You need to activate the PCGR/conda/env/pcgr conda environment, and test that it works correctly with e.g. pcgr --version:

$ cd /Users/you/dir4/PCGR
(base) $ conda activate ./conda/env/pcgr
# note how the full path to the locally installed conda environment is now displayed

(/Users/you/dir4/PCGR) $ which pcgr
/Users/you/dir4/PCGR/conda/env/pcgr/bin/pcgr

(/Users/you/dir4/PCGR) $ pcgr --version
pcgr X.X.X

(/Users/you/dir4/PCGR) $ which pcgrr.R
/Users/you/dir4/PCGR/conda/env/pcgr/bin/pcgrr.R

You should now be all set up to run PCGR! Continue on to an example run.

Option 2: Docker

a) Install Docker

For installing Docker, follow the instructions at https://docs.docker.com/engine/install/ for your Linux or MacOSX machine. NOTE: We have not been able to perform enough testing on the Windows platform, and we have received feedback that particular versions of Docker/Windows do not work with PCGR (an example being mounting of data volumes).

  • Test that Docker is running, e.g. by typing docker ps or docker images in the terminal window.
  • Adjust the computing resources dedicated to the Docker, i.e.: Memory of minimum 5GB, CPUs minimum 4 (see e.g. how to do that on MacOSX).

b) Download PCGR Docker Image

  • Pull the PCGR Docker image from DockerHub (approx 5.7Gb) with: docker pull sigven/pcgr:vX.X.X

c) Run PCGR Docker Container

If you are familiar with working with Docker volumes (https://docs.docker.com/storage/volumes/) you can run PCGR using Docker instead of conda using the -v <host>:<container> Docker option. You’ll need to map your PCGR inputs to Docker container paths.

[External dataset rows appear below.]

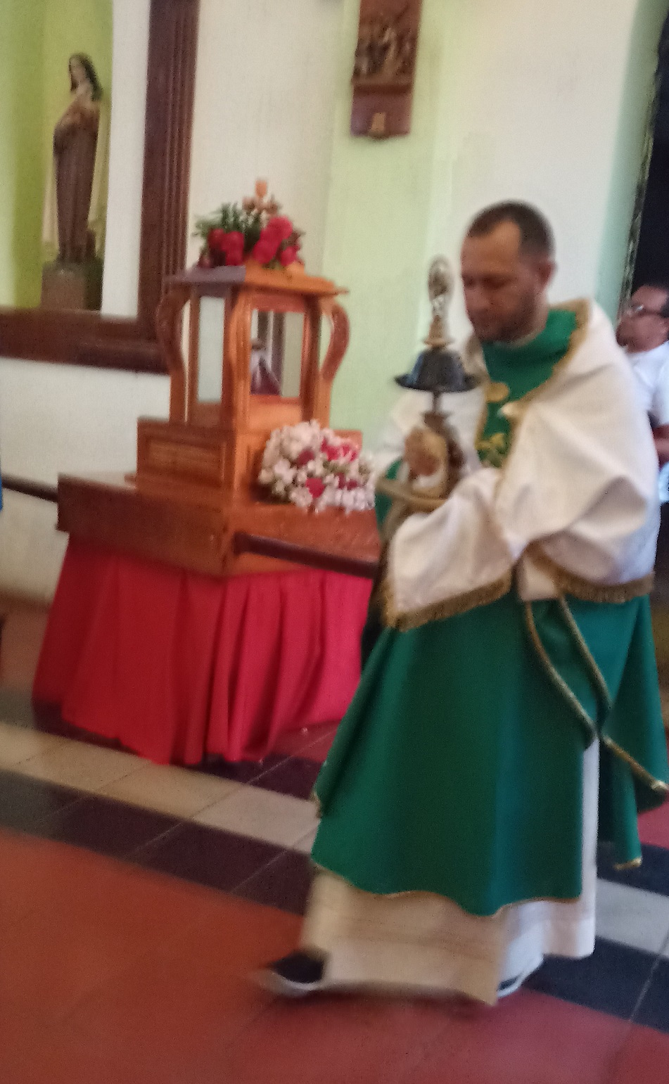 Destaca dentro de la actividad cumplida en el templo San Juan Bautista, el recorrido que hizo el padre Mervín Fuentes por todos los asientos del templo, donde cada uno de los fieles tuvo la oportunidad de tocar la reliquia y decir el: “En nombre del padre del hijo y del espíritu Santo, amen” y elevar su respectiva oración.
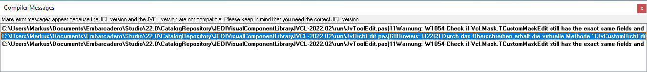 | Steps To Reproduce | 1. Install JVCL 2. Notice the little additional window popping up showing these warnings | ||||
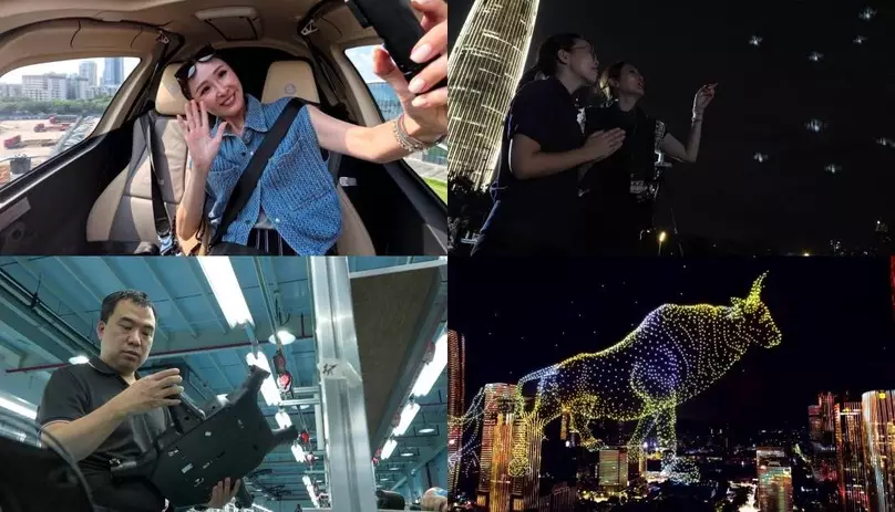 在昨晚播出的節目中,陳貝兒率先走入內地無人機表演的領跑者「大漠大智控」。團隊成立未滿十年,已憑自研機型累計奪得6項健力士世界紀錄,佔據全國文旅無人機表演市場超過六成。Janis親身參與一場大型匯演,現場直擊12,000架無人機同時升空的壯觀場面,畫面令人嘆為觀止。最令人意外的是,如此龐大的機群表演,背後竟然只需一位同事、一部電腦按程序控制。該公司於2020年已憑3,000多架無人機刷新世界紀錄,到2024年更以逾萬架規模再次改寫健力士,並同時打破「單台電腦控制最多無人機升空」的紀錄,技術實力驚人。

For example, say you have the input VCF sampleX.vcf.gz stored in the directory /Users/you/project1. You would need to supply Docker with a --volume (or -v) option mapping the directory of that VCF with a directory inside the Docker container, e.g. /home/input_vcf_dir. That would become: -v /Users/you/project1:/home/input_vcf_dir (note the : separating your directory from the container’s directory).

Then your command would look something like this:

docker container run -it --rm \
    -v /Users/you/dir1/data:/root/pcgr_data \
    -v /Users/you/dir2/pcgr_inputs:/root/pcgr_inputs \
    -v /Users/you/dir3/pcgr_outputs:/root/pcgr_outputs \
    sigven/pcgr:1.4.1 \
    pcgr \
      --input_vcf "/root/pcgr_inputs/tumor_sample.BRCA.vcf.gz" \
      --pcgr_dir "/root/pcgr_data" \
      --output_dir "/root/pcgr_outputs" \
      --genome_assembly "grch38" \
      --sample_id "SampleB" \
      --assay "WGS" \
      --vcf2maf
  • Note the path mappings. You’re using the container paths in the command, not the host (your machine’s) paths.